→ **RECORDED DATA**
..............................
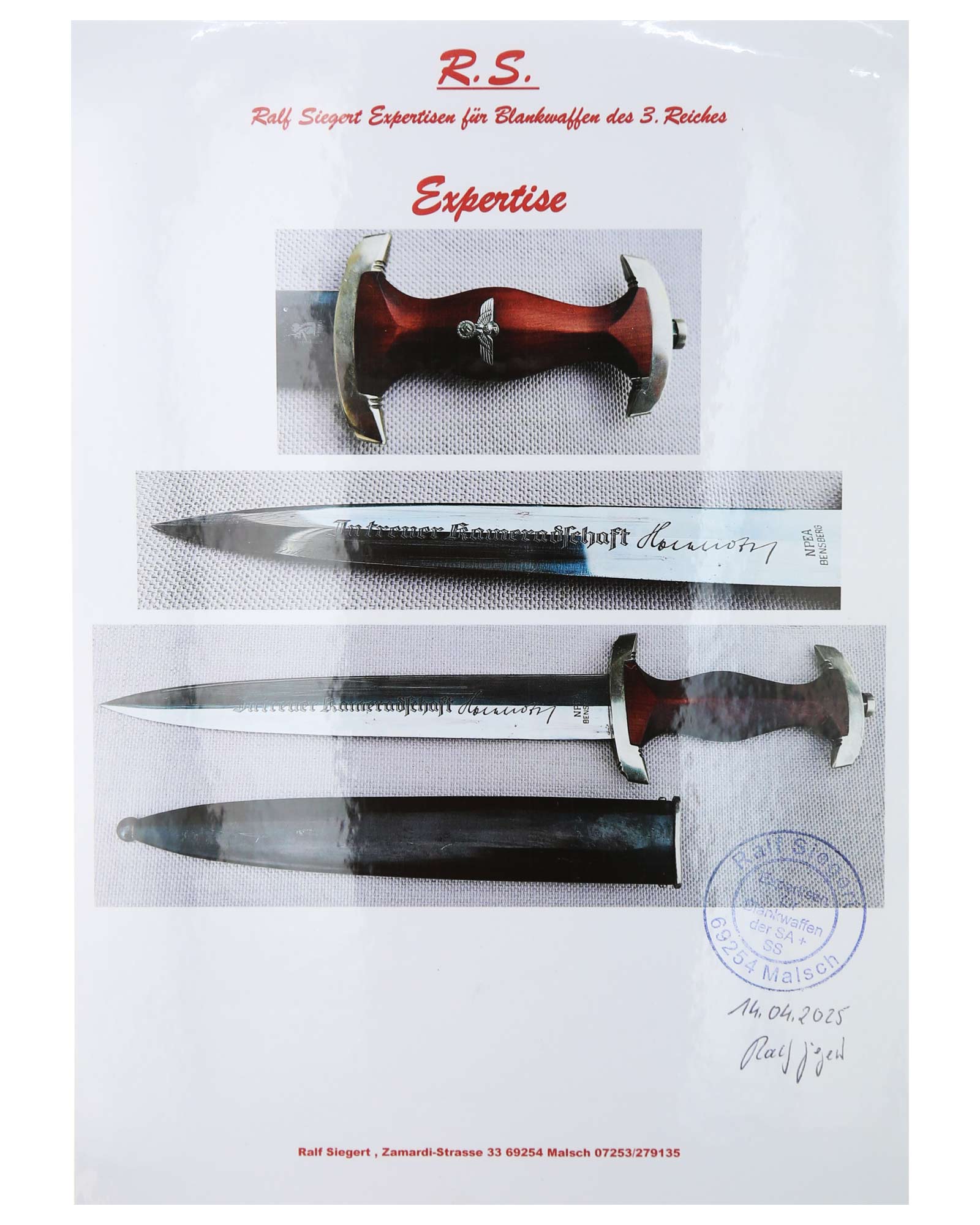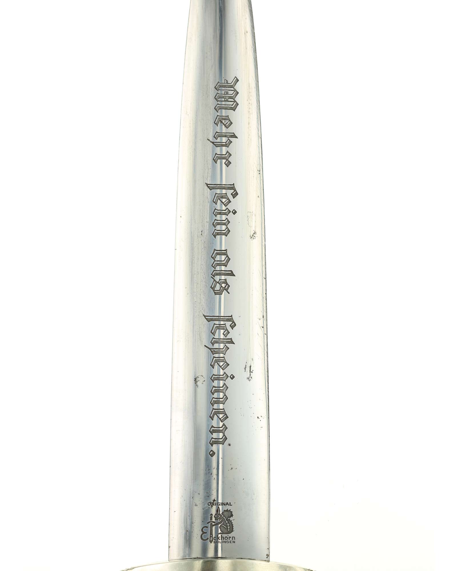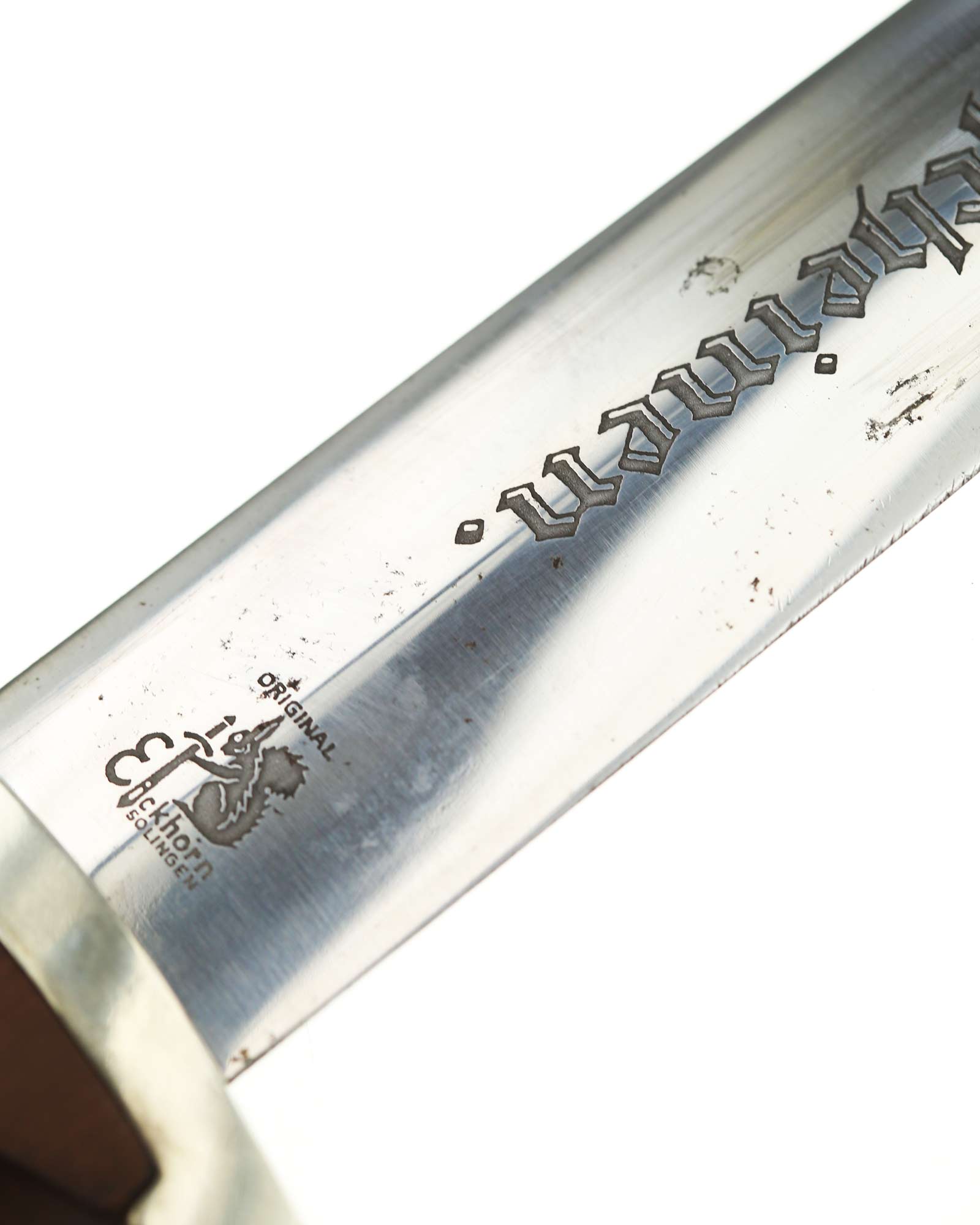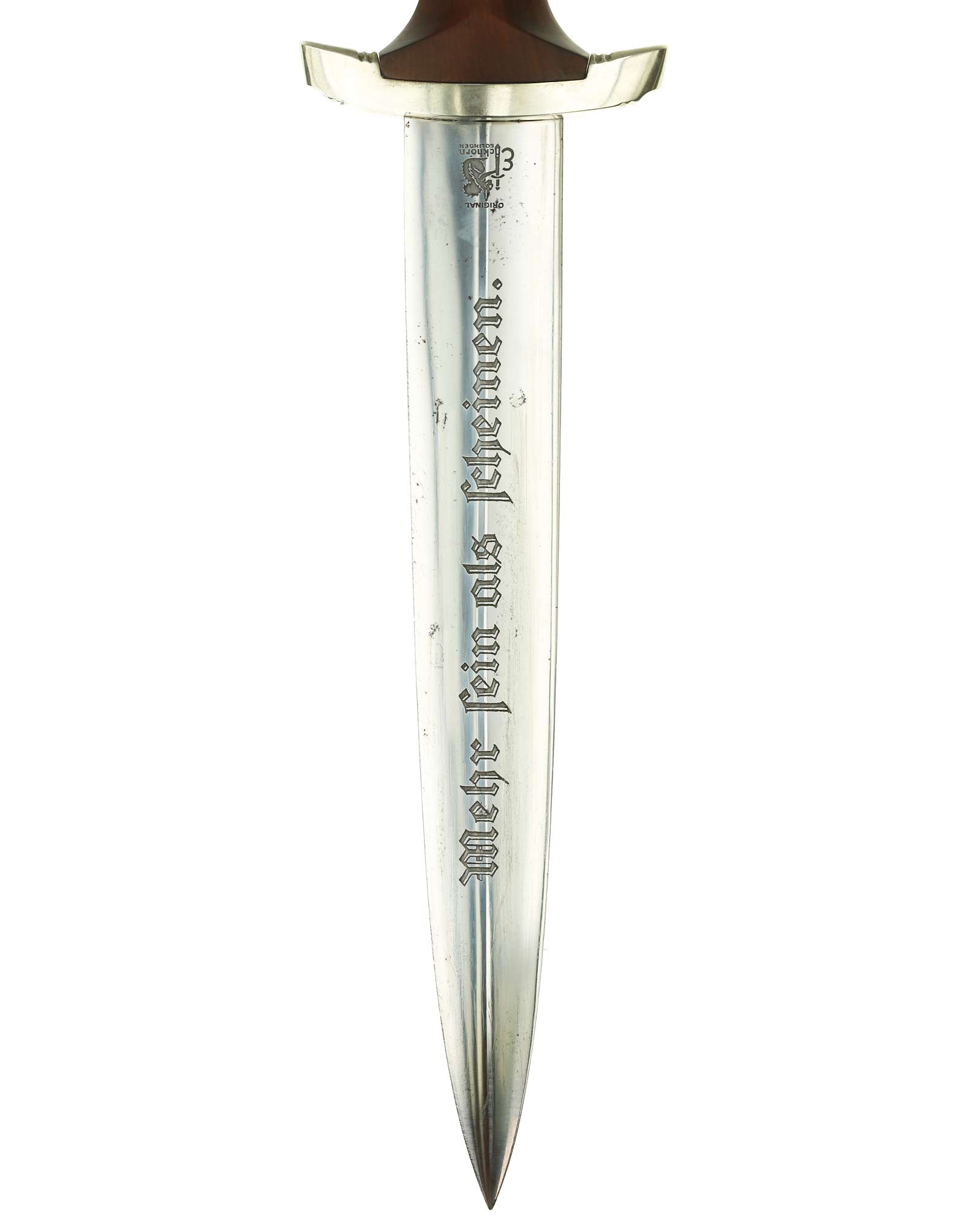 Клинок: Клинок стальной, классический кинжального типа, прямой, двулезвийный, с выраженным центральным ребром. Чрезвычайно редкий вариант кинжала NPEA с полностью сохранившейся наградной надписью от Холтхоффа на оборотной стороне клинка. Кинжал изготовлен в середине 1930-х годов известной фирмой Carl Eickhorn Solingen (Карл Эйкхорн Золинген), клеймо на клинке на лицевой стороне, и традиционно нанесен девиз NPEA Mehr Sein als Scheinen «Быть лучше, чем кажешься». На оборотной стороне помещена дарственная надпись "In treuer Kameradschaft Holthoff - NPEA Bensberg" (В верном товариществе Холтхофф - NPEA Bensberg).
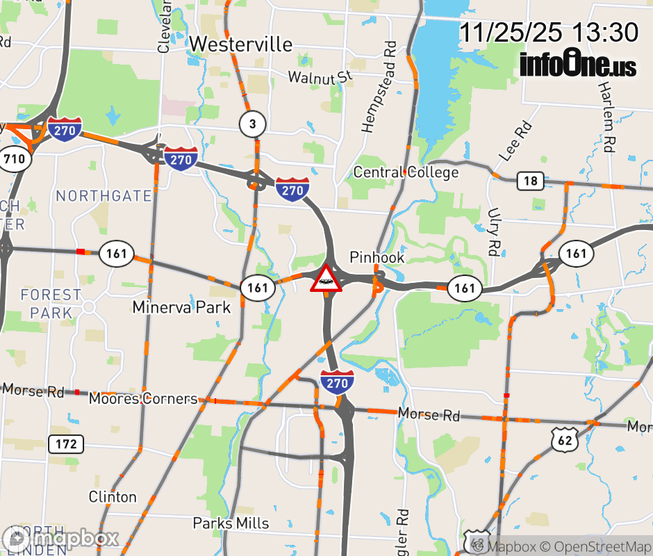 The left lane is blocked on Ramp SR-161 West to I-270 South, due to a crash. ![]() |
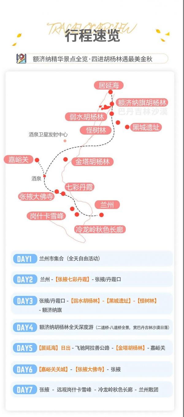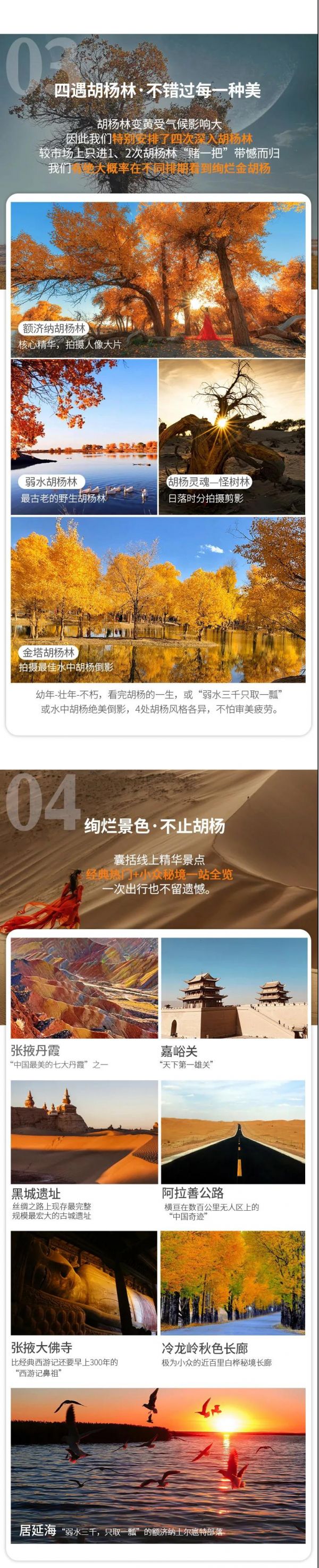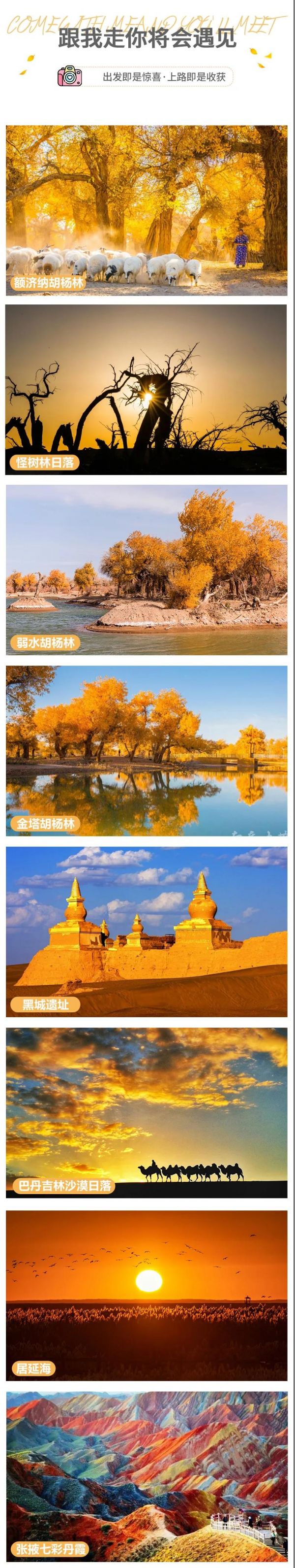 額濟納胡楊林+冷龍嶺秋色長廊+金塔胡楊林+弱水胡楊林+怪樹林+七彩丹霞+居延海日出+沙漠日落+張掖大佛寺+嘉峪關城樓+阿拉善公路+黑城遺址
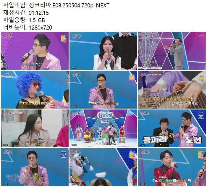 | 싱코리아.E03.250504.720p-NEXT.mp4 | 1.5 G | 01:12:00 | 1280x720 |
..............................
→ **DIRECTIONS FOR THIS TASK**
Everything in the listing except the pictures must be reproduced exactly.

→ **ANSWER**
 Клинок: Клинок стальной, классический кинжального типа, прямой, двулезвийный, с выраженным центральным ребром. Чрезвычайно редкий вариант кинжала NPEA с полностью сохранившейся наградной надписью от Холтхоффа на оборотной стороне клинка. Кинжал изготовлен в середине 1930-х годов известной фирмой Carl Eickhorn Solingen (Карл Эйкхорн Золинген), клеймо на клинке на лицевой стороне, и традиционно нанесен девиз NPEA Mehr Sein als Scheinen «Быть лучше, чем кажешься». На оборотной стороне помещена дарственная надпись "In treuer Kameradschaft Holthoff - NPEA Bensberg" (В верном товариществе Холтхофф - NPEA Bensberg).
 The left lane is blocked on Ramp SR-161 West to I-270 South, due to a crash. ![]() |
 額濟納胡楊林+冷龍嶺秋色長廊+金塔胡楊林+弱水胡楊林+怪樹林+七彩丹霞+居延海日出+沙漠日落+張掖大佛寺+嘉峪關城樓+阿拉善公路+黑城遺址
 | 싱코리아.E03.250504.720p-NEXT.mp4 | 1.5 G | 01:12:00 | 1280x720 |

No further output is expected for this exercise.